Week 4 Wednesday
Contents
Week 4 Wednesday#
Announcements#
I have office hours at 1pm, downstairs in ALP 2800. Please come by with any questions!
Videos and video quizzes posted; due Friday before lecture. (I plan to close all the quizzes and convert them to “practice quizzes” sometime before the midterm, so you can use them to study. If you are behind on the video quizzes, this is a good time to catch up.)
Midterm next Wednesday, October 26th, during lecture. Similar question style to the in-class quizzes, but some questions may be longer.

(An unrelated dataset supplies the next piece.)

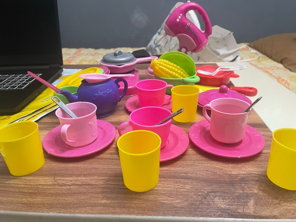 Pembe, sarı ve mor renklerde fincanlar, tabaklar, çaydanlık ve mutfak gereçleri içeren renkli oyuncak mutfak seti. ️

Sample midterm posted by the end of this week.
Note cards will be passed out later today during the “worksheet time”. (Remind me if I forget.) You can put hand-written notes on them (both sides, one card per student) and use them during the midterm.
A DataFrame which is difficult to use “as is” with Altair#
Using the following pandas DataFrame, draw a line that goes 60, 80, 65 for Irvine and another line that goes 25, 85, 50 for New York. Why is this more difficult than you would expect?
import pandas as pd
import altair as alt
Here is a very simple DataFrame, but its data is presented slightly differently from how Altair expects.
df = pd.DataFrame({
"City": ["Irvine", "New York"],
"Feb": [60, 25],
"Jul": [80, 85],
"Nov": [65, 50]
})
Because there is no single column containing the month values, we do not currently know how to plot those month values along an axis using Altair. It would be easy to plot, for example “Irvine” and “New York” along the x-axis, or to plot 25 and 60 along the x-axis, but not to plot “Feb”, “Jul”, “Nov” along the x-axis.
df
City | Feb | Jul | Nov | |
---|---|---|---|---|
0 | Irvine | 60 | 80 | 65 |
1 | New York | 25 | 85 | 50 |
The solution is to use the pandas DataFrame method melt
.
df.melt(
id_vars=["City"], # columns to keep the same
var_name="Month", # the other column labels go here
value_name="Temperature", # the old values go here
)
City | Month | Temperature | |
---|---|---|---|
0 | Irvine | Feb | 60 |
1 | New York | Feb | 25 |
2 | Irvine | Jul | 80 |
3 | New York | Jul | 85 |
4 | Irvine | Nov | 65 |
5 | New York | Nov | 50 |
The syntax takes some getting used to. It can seem like magic that the month labels and temperatures showed up in the correct spot. Here is another example, where we specify to leave both the “City” and the “Jul” columns unchanged.
df.melt(
id_vars=["City", "Jul"], # columns to keep the same
var_name="Month", # the other column labels go here
value_name="Temperature", # the old values go here
)
City | Jul | Month | Temperature | |
---|---|---|---|---|
0 | Irvine | 80 | Feb | 60 |
1 | New York | 85 | Feb | 25 |
2 | Irvine | 80 | Nov | 65 |
3 | New York | 85 | Nov | 50 |
pandas did not know that the “Feb” corresponded to a “Month”… we told it that. If we chose different names, then the newly formed columns would have different labels. Notice how var_name
describes what to call the old column labels, and value_name
describes what to call the old values in those columns.
df.melt(
id_vars=["City"], # columns to keep the same
var_name="Variable", # the other column labels go here
value_name="Value", # the old values go here
)
City | Variable | Value | |
---|---|---|---|
0 | Irvine | Feb | 60 |
1 | New York | Feb | 25 |
2 | Irvine | Jul | 80 |
3 | New York | Jul | 85 |
4 | Irvine | Nov | 65 |
5 | New York | Nov | 50 |
A common source of mistakes in Python is thinking that code like the following changed df
. A hint that df
did not change is the fact that a new DataFrame got displayed.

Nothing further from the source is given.